• [Recorded information]
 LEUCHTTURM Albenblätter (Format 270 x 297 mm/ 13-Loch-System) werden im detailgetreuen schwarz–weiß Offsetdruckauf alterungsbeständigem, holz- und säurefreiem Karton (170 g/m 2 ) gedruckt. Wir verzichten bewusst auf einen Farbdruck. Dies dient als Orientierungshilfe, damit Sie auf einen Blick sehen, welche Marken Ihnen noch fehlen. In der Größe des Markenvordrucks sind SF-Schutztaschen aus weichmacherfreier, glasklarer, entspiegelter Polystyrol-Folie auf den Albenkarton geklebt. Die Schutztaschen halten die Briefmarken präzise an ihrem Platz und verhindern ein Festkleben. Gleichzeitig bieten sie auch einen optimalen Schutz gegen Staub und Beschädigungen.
...
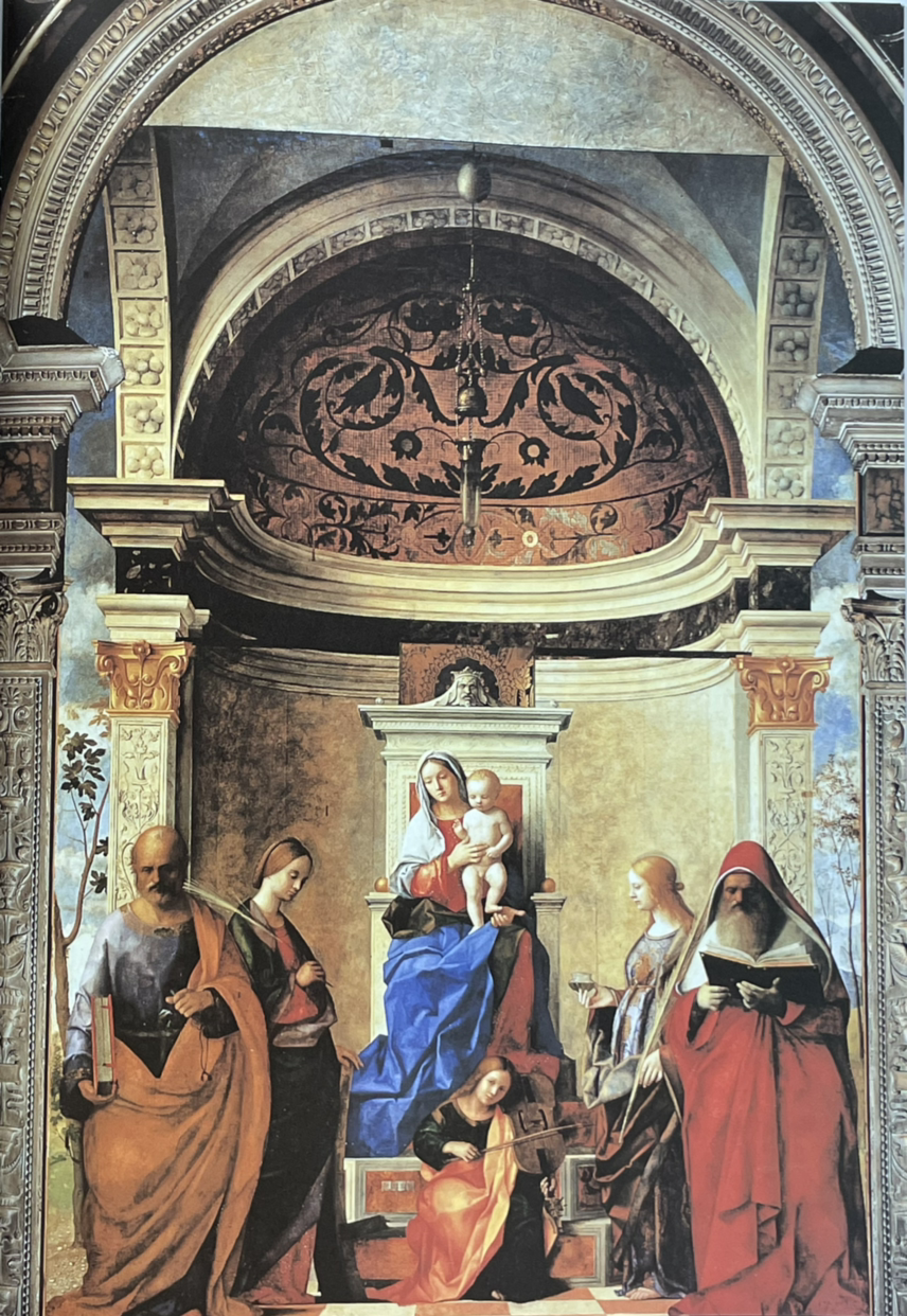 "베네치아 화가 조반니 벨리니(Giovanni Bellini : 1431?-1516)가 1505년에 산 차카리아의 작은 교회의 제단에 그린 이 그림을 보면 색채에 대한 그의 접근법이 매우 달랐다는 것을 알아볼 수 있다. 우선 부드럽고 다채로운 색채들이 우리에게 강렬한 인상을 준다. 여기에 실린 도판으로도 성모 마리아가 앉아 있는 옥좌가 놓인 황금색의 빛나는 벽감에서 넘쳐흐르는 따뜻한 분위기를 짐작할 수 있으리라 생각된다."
---
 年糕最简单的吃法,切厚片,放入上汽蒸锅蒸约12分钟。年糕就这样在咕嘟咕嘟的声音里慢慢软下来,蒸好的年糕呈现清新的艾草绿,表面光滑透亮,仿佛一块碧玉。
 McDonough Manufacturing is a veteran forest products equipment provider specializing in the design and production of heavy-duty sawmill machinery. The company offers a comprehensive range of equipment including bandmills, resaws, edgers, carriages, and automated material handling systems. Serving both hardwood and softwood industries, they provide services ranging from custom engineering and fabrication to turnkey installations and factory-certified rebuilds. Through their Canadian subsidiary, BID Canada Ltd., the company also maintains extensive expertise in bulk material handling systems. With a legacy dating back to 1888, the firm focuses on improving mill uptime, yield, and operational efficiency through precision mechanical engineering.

• [Aim of the exercise]
Only the lines above from the one with "年糕最简单的吃法,切厚片,放" through the one with "McDonough Manufacturing is" should be duplicated, character for character.

• [Written answer]
 年糕最简单的吃法,切厚片,放入上汽蒸锅蒸约12分钟。年糕就这样在咕嘟咕嘟的声音里慢慢软下来,蒸好的年糕呈现清新的艾草绿,表面光滑透亮,仿佛一块碧玉。
 McDonough Manufacturing is a veteran forest products equipment provider specializing in the design and production of heavy-duty sawmill machinery. The company offers a comprehensive range of equipment including bandmills, resaws, edgers, carriages, and automated material handling systems. Serving both hardwood and softwood industries, they provide services ranging from custom engineering and fabrication to turnkey installations and factory-certified rebuilds. Through their Canadian subsidiary, BID Canada Ltd., the company also maintains extensive expertise in bulk material handling systems. With a legacy dating back to 1888, the firm focuses on improving mill uptime, yield, and operational efficiency through precision mechanical engineering.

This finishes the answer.